The project uses light-lured pots that attract scallops with zero seabed damage

What started as a surprising discovery: scallops flocking to brightly‑lit crab and lobster pots, has grown into a full‑scale movement. Rather than dredging the seabed, the method uses modified static pots with lights to attract scallops into the gear. The result is a scallop caught with far less seabed disturbance, bycatch and fuel usage, and a supply chain built for traceability.

“The challenges facing the fishing industry today demand modern solutions. Industrial, commercial fishing is a relatively recent development, and innovative methods like potting for scallops are essential to meet these contemporary challenges while supporting small-scale fishermen and protecting marine ecosystems,” said Dr Robert Enever, the Fishtek Marine scientist who made the Disco Scallop discovery. “It’s about evolving and creating an opportunity to fish smarter.”

This innovation comes at a pivotal time, said the Disco Scallop Collective, highlighting that traditional scallop dredging dominates UK landings, accounting for at least 95% of the UK’s scallop, but that it also faces intense scrutiny for seabed damage, bycatch and carbon release. It pointed to the recent “Ocean” film with David Attenborough which exposed how destructive these methods can be, intensifying public demand for change.

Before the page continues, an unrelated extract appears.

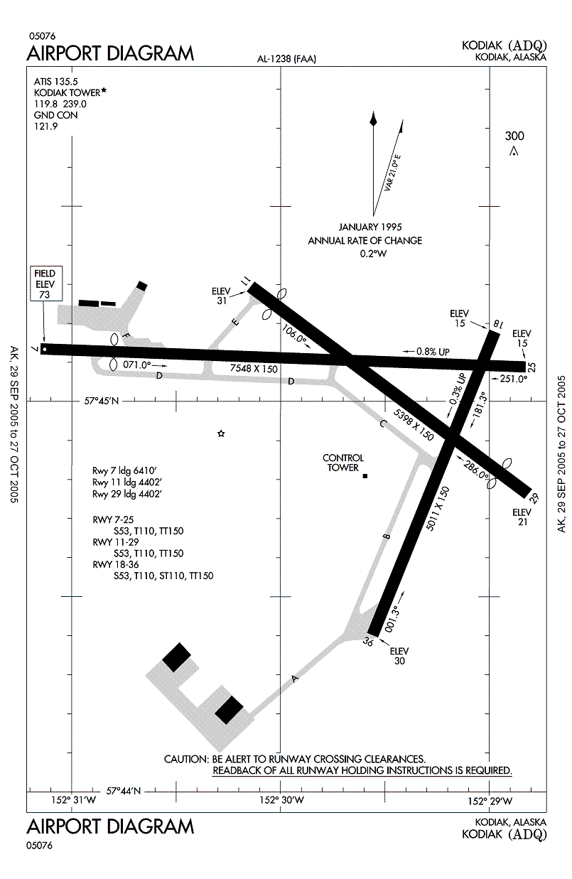 FAA airport diagram for Kodiak Airport (ADQ) in Kodiak, Alaska, United States.

Consumers are not just choosing seafood; they’re choosing stories and values, stated the Disco Scallop Collective, adding that with provenance, method and sustainability built into each catch, Disco Scallops offers a premium alternative that chefs and diners can be proud of.

“Pure, sweet and sensational – they’re the Rolls‑Royce of scallops,” Chef and MSC Ambassador Mitch Tonks said.

Already appearing in several restaurants and listed by leading seafood platforms, the brand is gaining traction while staying true to its core: connecting small‑scale fishermen to better markets, protecting the seabed and delivering a taste experience worth the premium.

“Disco Scallops shows what’s possible when you build a brand around how something is caught, not just what it is,” Disco Scallop Collective Co‑founder Rachel Walker said. “We’re scaling a fishery that supports coastal communities, rewards responsible sourcing and proves that seafood done differently can work.”

With the award spotlight on the project, the project’s focus has turned to expansion: more fishermen equipped, more routes to market, and further growth across the UK’s seafood supply chain. The ambition is to support UK fishermen, highlight the importance of fair and transparent sourcing, and lead the way in responsible scallop fishing methods that work in harmony with the ocean.

“Winning this award is a huge win for awareness of the project”, Walker said. “We want people to know that catching scallops with pots and light is real, and it’s here to stay. Consumers can go into restaurants and start asking, “are these scallops dredged, diver-caught, or disco?”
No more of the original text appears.